皆さま、おはようございます。

 

 

 

一昨日から、奈良に来ています。

 

 

 

歴史の古い土地に来ると、歴史の積み重ねの厚さに、ハッとさせられます。

 

 

 

東大寺の大仏様、奈良時代に創建され、何度か、戦火や地震、落雷などで、仏身や大仏様を取り囲む大仏殿(伽藍)が焼かれたり、頭部が落下したりしています。

 

 

 

鎌倉時代、江戸時代と、再建や再興に立ち上がった上人が現れ、明治時代の大修理を経て、現在に至っています。

 

 

 

古い建造物が、今日、どのような形で残っているかというのは、本当に千差万別で、無事に残っているものは、再建、修理、保存に向けたひとびとのエネルギーの積み重ねなのだと、しみじみ感じます。

 

 

 

残るか、消えるか。それを分けたものは、最初は小さな偶然だったのかもしれません。

 

 

 

鍵穴とカギの関係が脳裏に浮かびました。

 

 

 

鍵穴とカギは、ピタリと合って初めて、カギを開けることができます。

 

 

 

同じように、歴史における様々な偶然と、ひとびとのエネルギーが合わさったとき、そういった偶然は、必然に転化するのでしょう。

 

 

 

今回の旅、一昨日と昨日の2回にわたって、シカによるハプニングがありました。

 

 

 

一昨日は、奈良国立博物館で開催されている空海展に行きました。

 

 

 

ショップで、弘法大師像の絵葉書を購入し、白い紙袋に入れてもらって、トートバッグに入れました。

 

 

 

博物館が閉館し、建物の前にあるベンチに座って、ぼーっと景色を眺めていたら、1頭のシカが近づいて来て、トートバッグから、絵葉書の入った紙袋を見つけてパクっと、口に加えたのです!

 

 

 

そのまま、もぐもぐとかみ始めたので、焦りました。

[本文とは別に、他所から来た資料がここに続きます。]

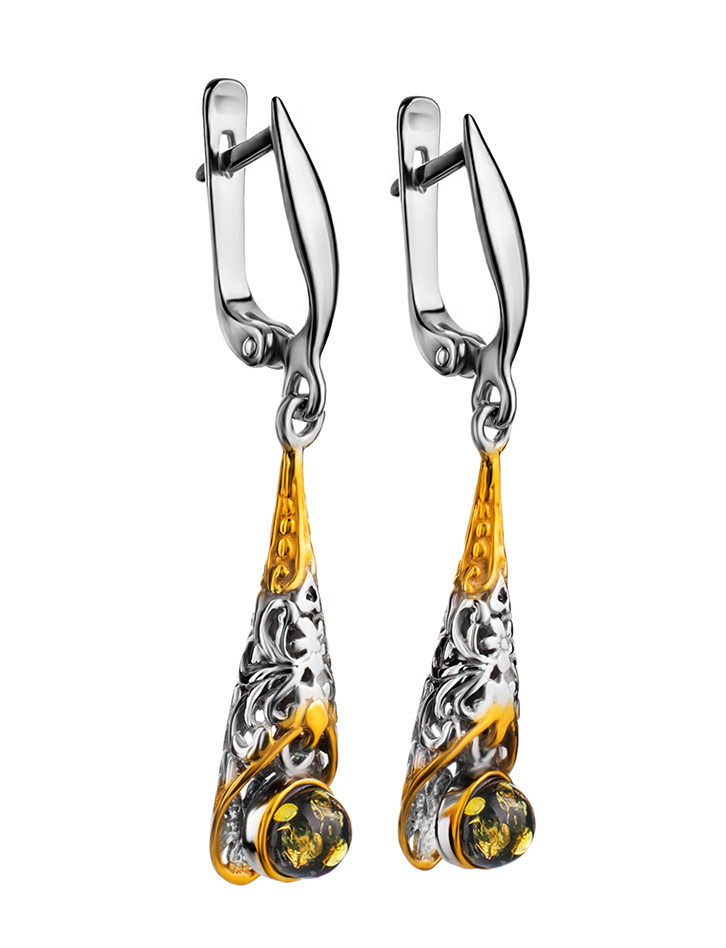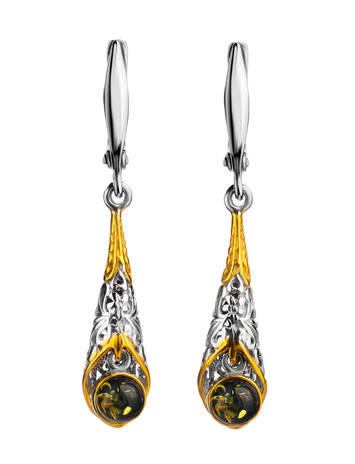 Удлинённые серьги «Роксана» с натуральным балтийским янтарём зелёного цвета

食べられないよ!それを食べるとお腹をこわしてしまう。

 

 

 

絵葉書が厚くて、シカも噛み切れず、ようやく、取り返したのですが、絵葉書の周辺がフニャフニャになっていましたが、弘法大師のお顔は無キズでした。

 

 

 

なんだか、とても愉快な気持ちになって、友人と一緒に大笑いしました。

 

 

 

昨日は、偶然に飛び乗ったバスの終点が、大仏殿の駐車場で、そこで鹿せんべいを買ったところ、たちまちシカに取り囲まれました。

 

 

 

シカに押されて、道ばたの脇にある30センチぐらい下の水路に半身が落ちました。

 

 

 

左手を擦りむいてしまって、手を洗おうと、化粧室を探したら、東大寺のミュージアムにたどり着いたのです。

 

 

 

そこで、東大寺の特集展示「弘法大師と東大寺真言院」に気づいて、そこに入り、奈良国立博物館に続き、圧倒的な仏像と、弘法大師の自筆の著作を目にすることができました。

 

 

 

 

最初は、ハプニングとして現れる兆しに気づくことが、偶然を必然につなげる大事なコツなのだろうなと思います。

 

 

 

 

以下のブログに書いたように、この世の中には、無数のパラレルワールドが存在しています。分岐点に来たとき、どの世界を選ぶかによって、偶然が必然になるのか、それとも偶然のまま終わるのか、分かれるのでしょう。

 

 

 

そのとき、やはり重要なのは、偶然を愉しむことなんだと思います。

 

 

 

力んで緊張をすると、エネルギーを無駄に使ってしまい、長続きしません。

 

 

 

大仏さまや大仏殿の再興・再建においても、あれほどの大事業になればこそ、力みでは、やり遂げられなかったのではないでしょうか。

 

 

 

目には見えない、何か大いなる存在にゆだねる気持ちを持ちつつ、精一杯、やれることをやる。

 

 

 

その中で起きる様々な偶然に驚き、愉しむ。

 

 

 

偶然を必然に変える。それは、点として現れる偶然を、線としての必然に紡いでいく作業であり、しなやかに、軽やかに、淡々と続けていくのが、最大のコツなのだろうな…と、改めて感じたのでした。